When I was younger I thought I knew a lot of stuff.
I thought milk was bad for you (since milk is pretty much heavenly like chocolate and candy). I also thought that you would go to jail if you didn’t enroll in college after you walked across the stage at your high school graduation. I remember each moment when I embarrassingly realized that I was mistaken. They were both pivotal moments in my life because 1. I hate being embarrassed/feeling stupid & 2. I hate being wrong.
I had perceptions about life that were changed. I found out that milk has calcium and is actually good for your bones. I also found out (perhaps a little too late) that you don’t HAVE to go to college right away, or even at all.
As I grew, my perceptions changed, just like I did.
I learned from people who were older and wiser. I gathered information and thought out my beliefs and goals (even if at first they might have just been copied).
You know how, when you’re younger, you thought your parents knew EVERYTHING? They were all knowing. They had an answer for your questions. They knew all these things and you didn’t know how they could possibly remember it all. But of course, they were your parents after all. When you became a parent and you were old, you would know everything too, right?
After I realized that not everything I knew was true, I began to think about what I would learn and know in the future. And then I began to have expectations for my future self.
Just like Ariel, I would meet my true love when I was 16. I would also be fully physically developed, with no acne, AND I would have perfect hair. Did I mention I would be incredibly stylish? Yes. This is how I would be when I was 16….so I thought…when I was 11. Because 16 was then the perfect age.
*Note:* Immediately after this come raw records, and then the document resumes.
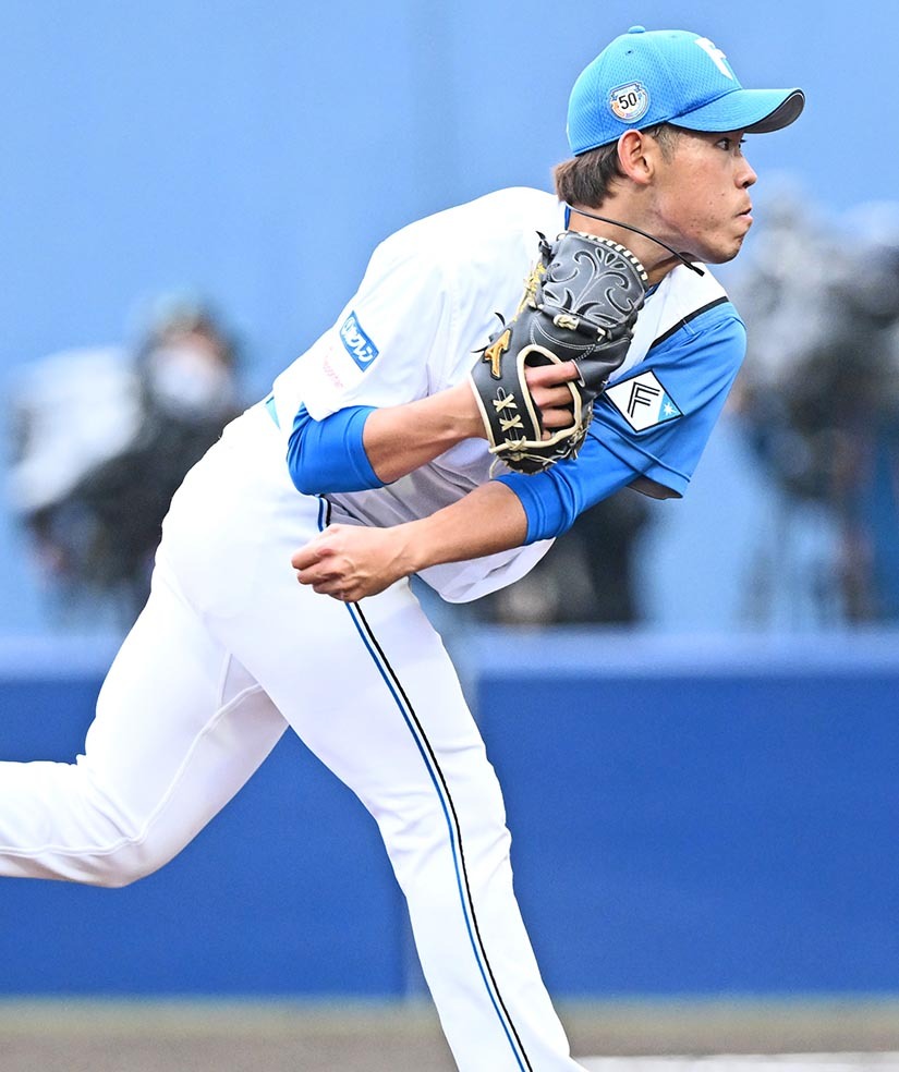空を雲が覆い、沖縄らしくない寒さが襲った名護のマウンドも、白老出身の道産子左腕には問題なかった。六回から3番手で登場し、4者連続三振を含む圧巻の8者連続斬り。八回2死から連打を浴びたが、「かなり気合が入りました」と、最後は坂倉を遊ゴロに打ち取り、笑みがこぼれた。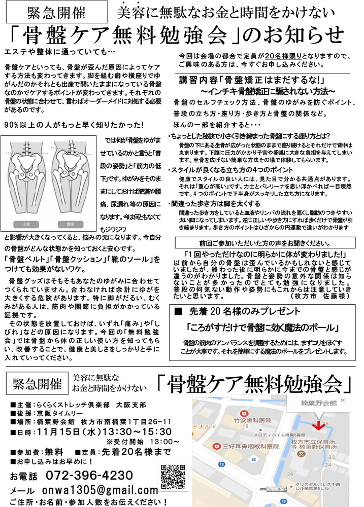・骨盤ケア無料勉強会 楠葉野会館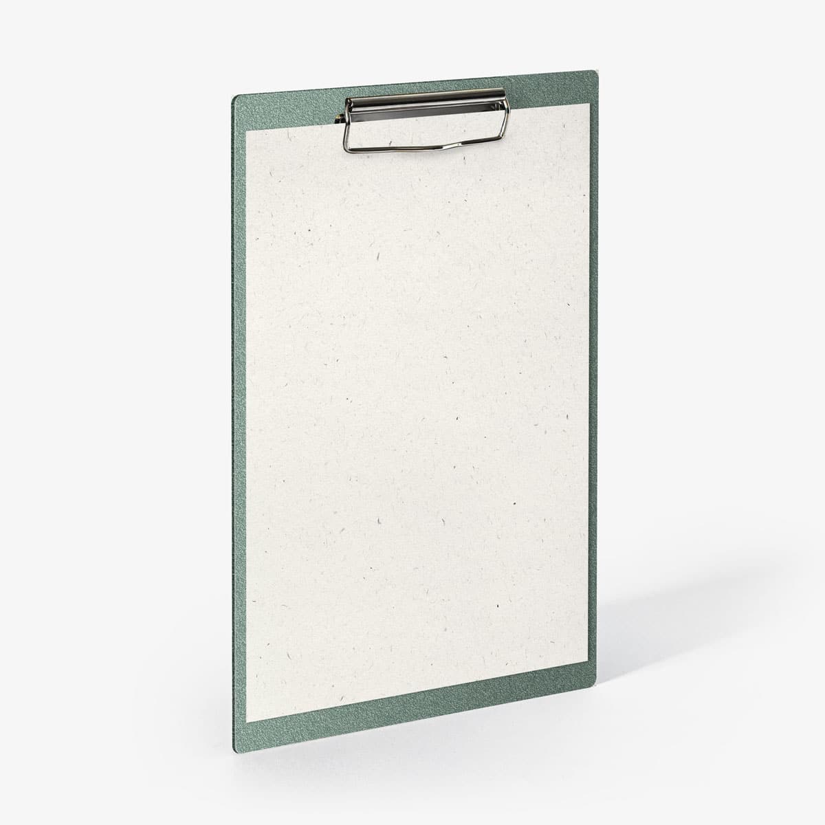 +iva /cadIl monopiatto Dedans in alluminio da 2 mm, verniciato a polvere in color Emerald, disponibile in tre formati con sistema fermafogli a pinza metallica rivettata.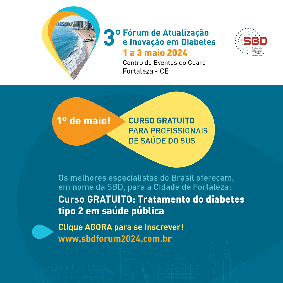 De 1 a 3 de maio a Sociedade Brasileira de Diabetes (SBD) realiza, em Fortaleza, o 3º Fórum de Atualização e Inovação em Diabetes. No evento serão discutidos temas relevantes como Diabetes na Gestação, Diabetes e Fígado, Doença Cardiovascular no Diabetes, Exercício e Diabetes, Tecnologias e Neuropatia e Complicações nos pés, dentre outros.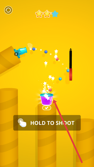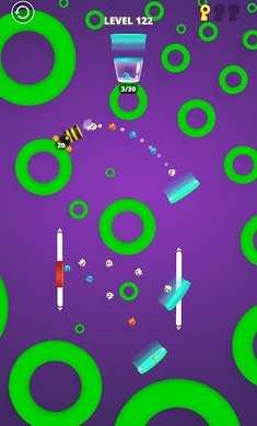 2、障碍反弹策略:面对橡胶棒时,可故意射击其边缘触发反弹,利用“镜面反射原理”让小球沿预设轨迹落入目标桶,实现曲线救国。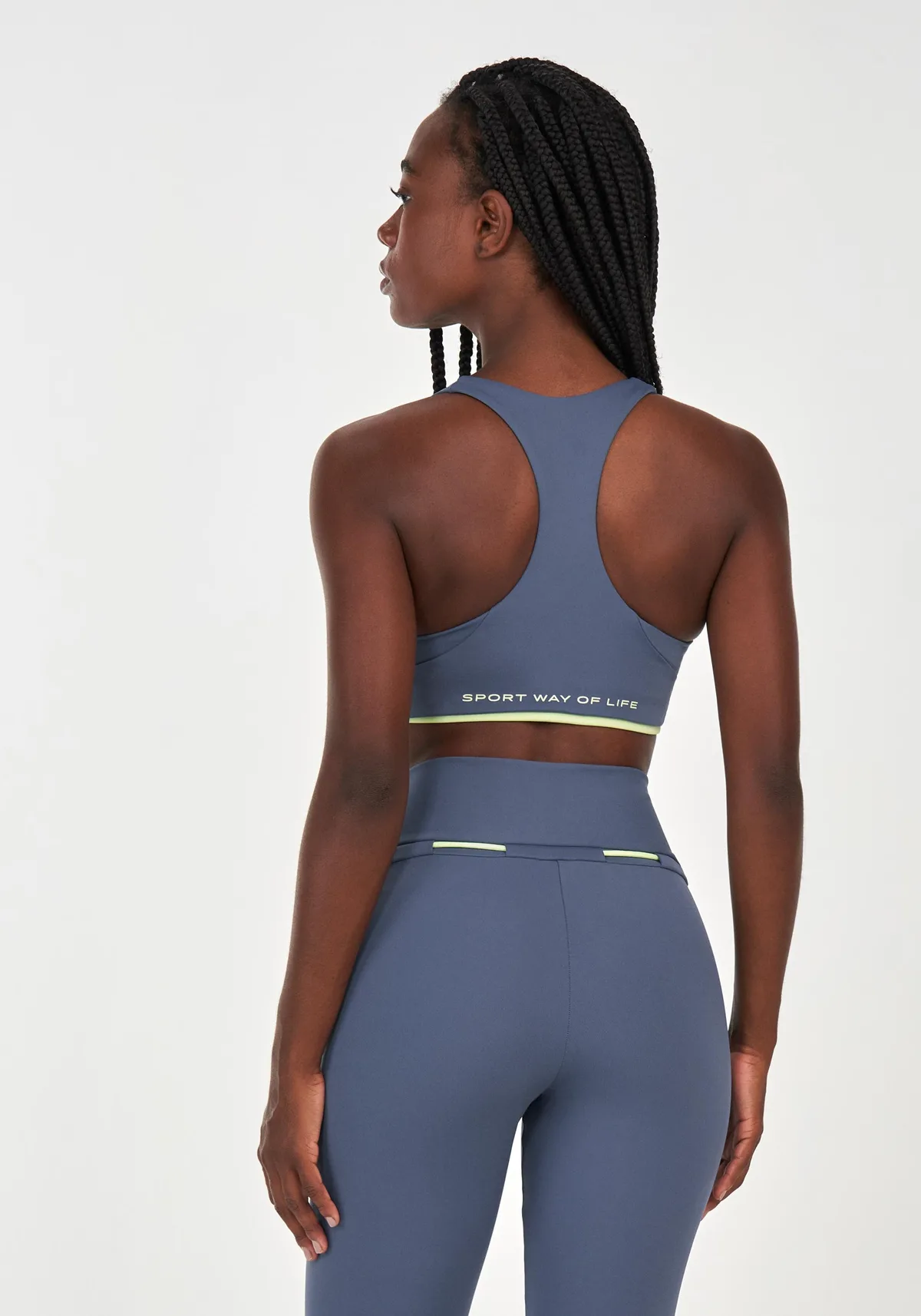 O top apresenta modelagem slim, shape justo, comprimento cropped, decote nadador nas costas, decote redondo na frente, possui bojo, detalhe de recortes na cor verde, e estampa minimalista atrás.

In actuality, when I was 16, I was convinced that I was going to be single forever (because I had a list that no boy could match) and change the world by becoming a microbiologist and doing medical research to cure the world of every disease (acne was probably one of those diseases).
I turned 20 years old last week. I believe that I am the female version of Peter Pan. I always wanted to fly to Neverland so that I wouldn’t have to grow up. But I have left my years as a child and now I have left my teenage years. I never thought this day would come so soon and I never thought I would feel so unchanged. I thought by this time I would have figured out exactly what I wanted to do with my life. I would know what I wanted as a career. I would have a plan. I would be a stronger Christian. I would break out of my introverted shell. I wouldn’t have anymore acne (just kidding…..maybe).
But I think that I will always feel this way. Maybe not exactly this way. But I think that the older I become the more I will realize that it doesn’t matter how old I am. I will always be growing, learning, becoming wiser (I hope).
I think I’ll always feel a little out of the loop, a little silly, a little dumb, and maybe even a little childish. I think I will always feel this way because I know that this is not all there is. It’s not just a bunch of silly screwed up people on earth. There’s something bigger. God is bigger. He holds me in His hands and tells me that I am still a child. I will always be His child. I will never know what I’m going to be like next year or ten years from now. I won’t always know the right thing to do or say. And I think it’s supposed to be this way. I may not like it all the time. I may get frustrated. But that’s because I’m just a child, trying to understand. What I need to do is trust that God knows. It’s God’s plan. It’s His timing. And everything will work out for the good.
I don’t have it all figured out, but He does.